_WHAT YOU NEED TO DO_
Exact copy, no pictures: every line from the one that contains "Tvrdá, elegantní polymerová" through the end of the data below, and nothing else.
[SUPPLIED DATA Boundary: Start]
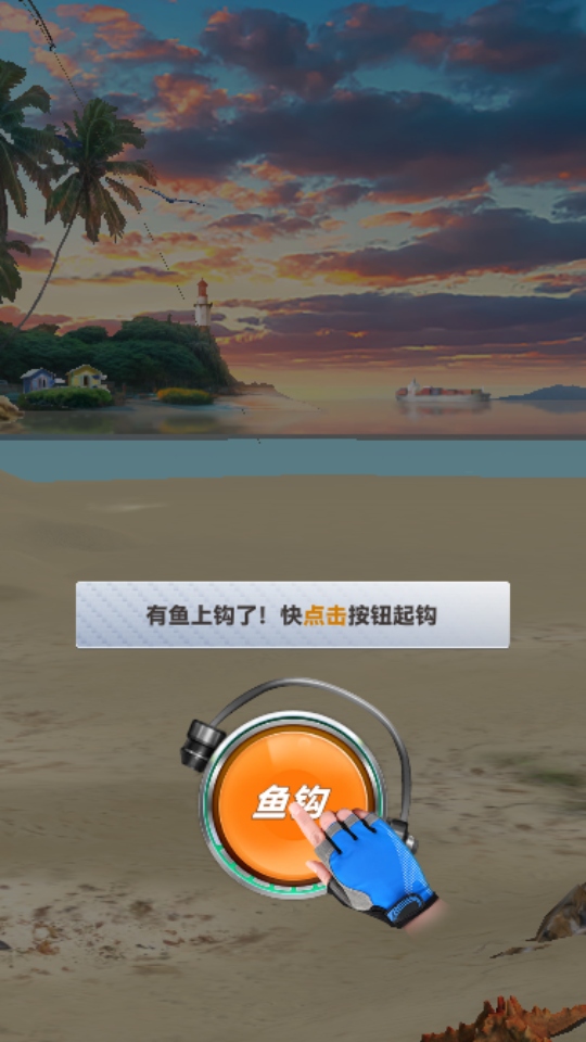 当鱼上钩后再次点击橙黄色按钮拉起鱼竿。
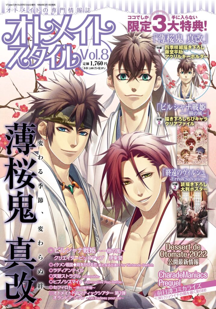 3月14日(月)発売のオトメイトスタイル Vol.8は、「薄桜鬼 真改」より藤堂平助・原田左之助・永倉新八の3名が表紙を飾ります。
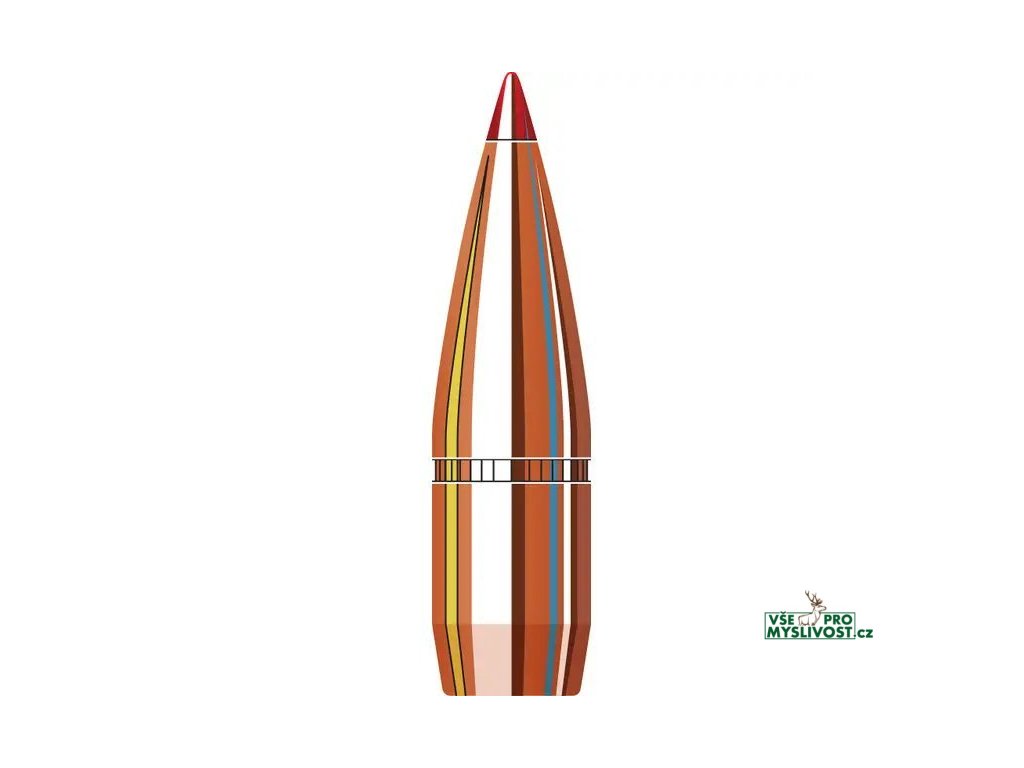 Tvrdá, elegantní polymerová špička zvyšuje aerodynamickou účinnost a při zásahu zajíždí do olověného jádra jako klín, čímž iniciuje rychlou, ale řízenou expanzi.
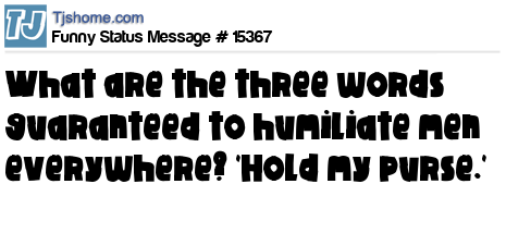 - # 19659 What are the three words guaranteed to humiliate men everywhere? 'Hold my purse.'
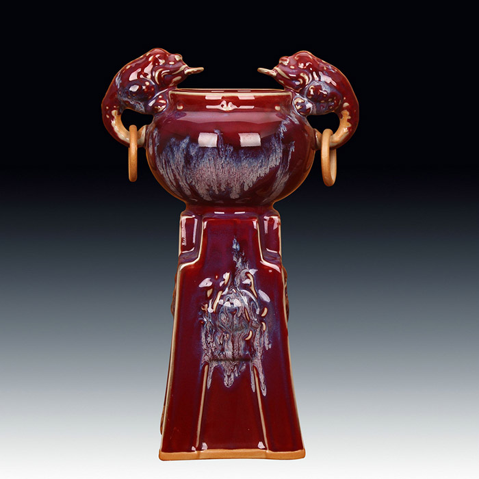 Jun porcelain official kiln red double eared golden toad ceramic vase
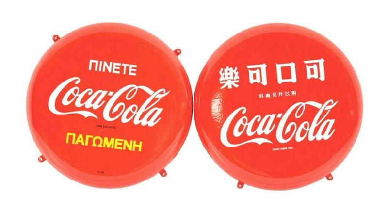 PORCELAIN FOREIGN COCA-COLA BUTTON SIGNS.
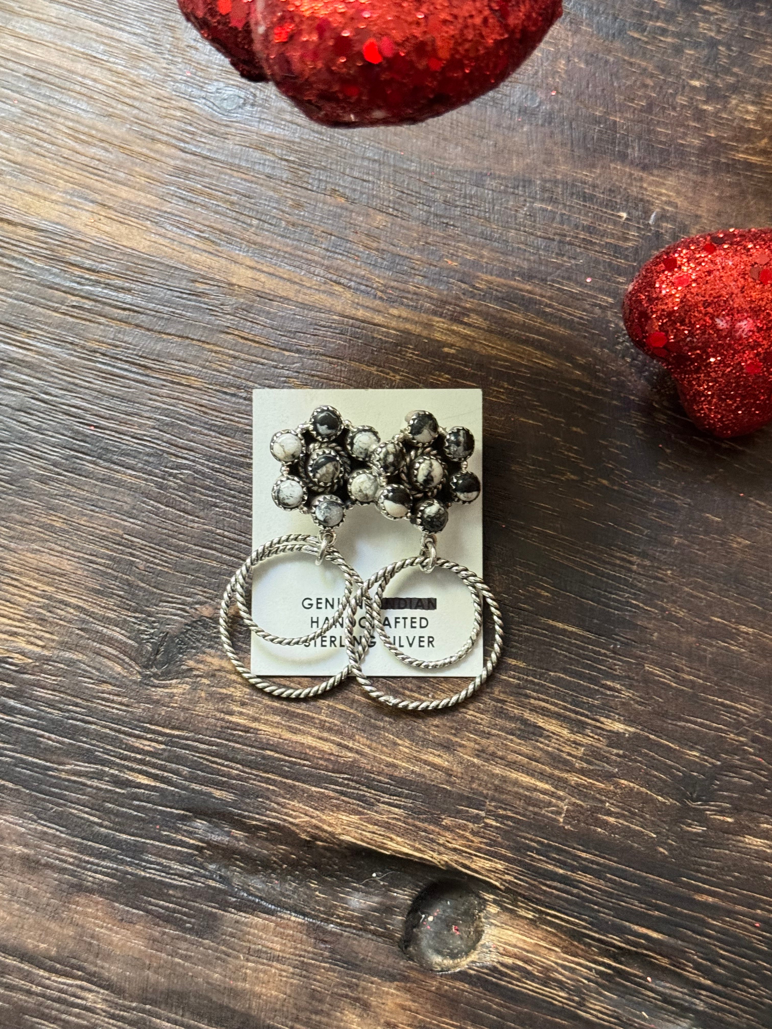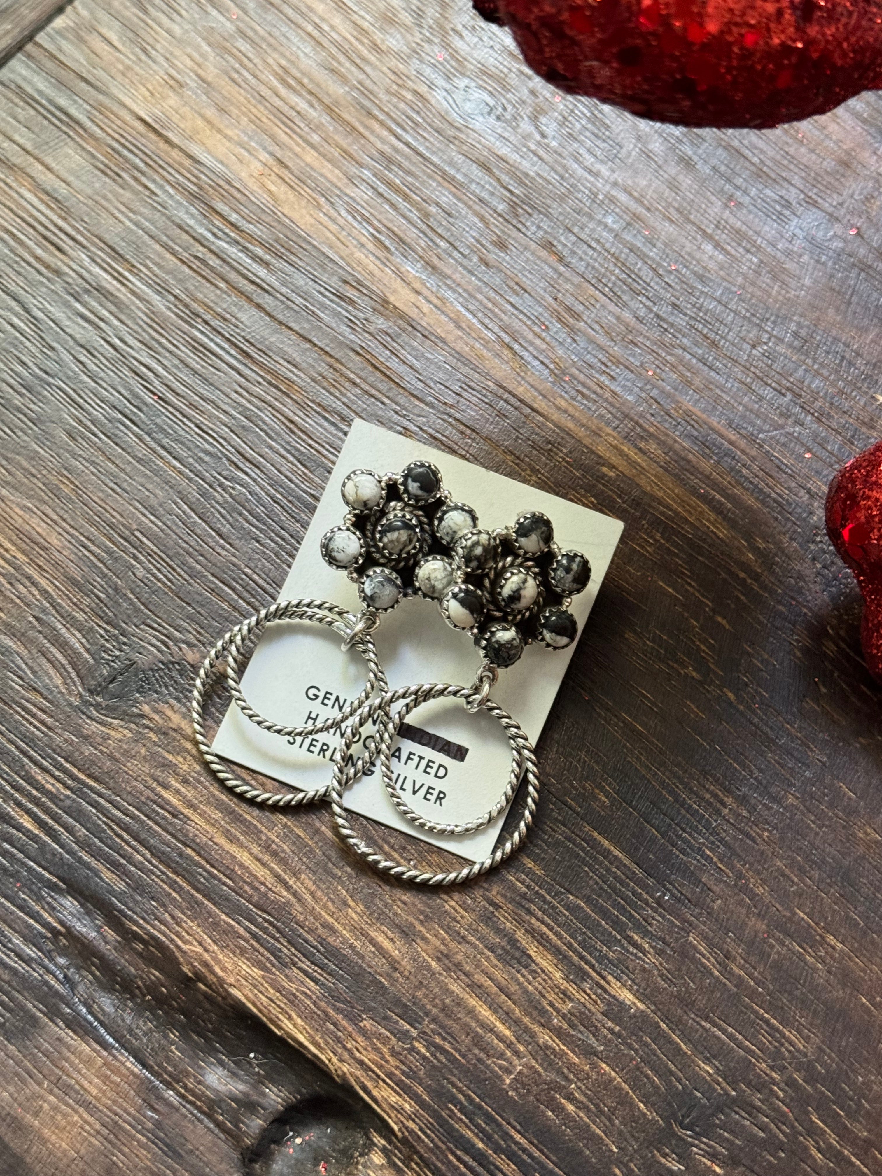 Southwest Handmade White Buffalo & Sterling Silver Post Dangle Earrings
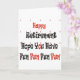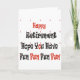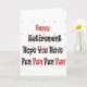 Carte de voeux pour une personne qui va se retirer. Happy Retirement Hope you have Fun" Lettres noires et rouges.
[SUPPLIED DATA Boundary: End]
_TASK RESULT_
 Tvrdá, elegantní polymerová špička zvyšuje aerodynamickou účinnost a při zásahu zajíždí do olověného jádra jako klín, čímž iniciuje rychlou, ale řízenou expanzi.
 - # 19659 What are the three words guaranteed to humiliate men everywhere? 'Hold my purse.'
 Jun porcelain official kiln red double eared golden toad ceramic vase
 PORCELAIN FOREIGN COCA-COLA BUTTON SIGNS.
 Southwest Handmade White Buffalo & Sterling Silver Post Dangle Earrings
 Carte de voeux pour une personne qui va se retirer. Happy Retirement Hope you have Fun" Lettres noires et rouges.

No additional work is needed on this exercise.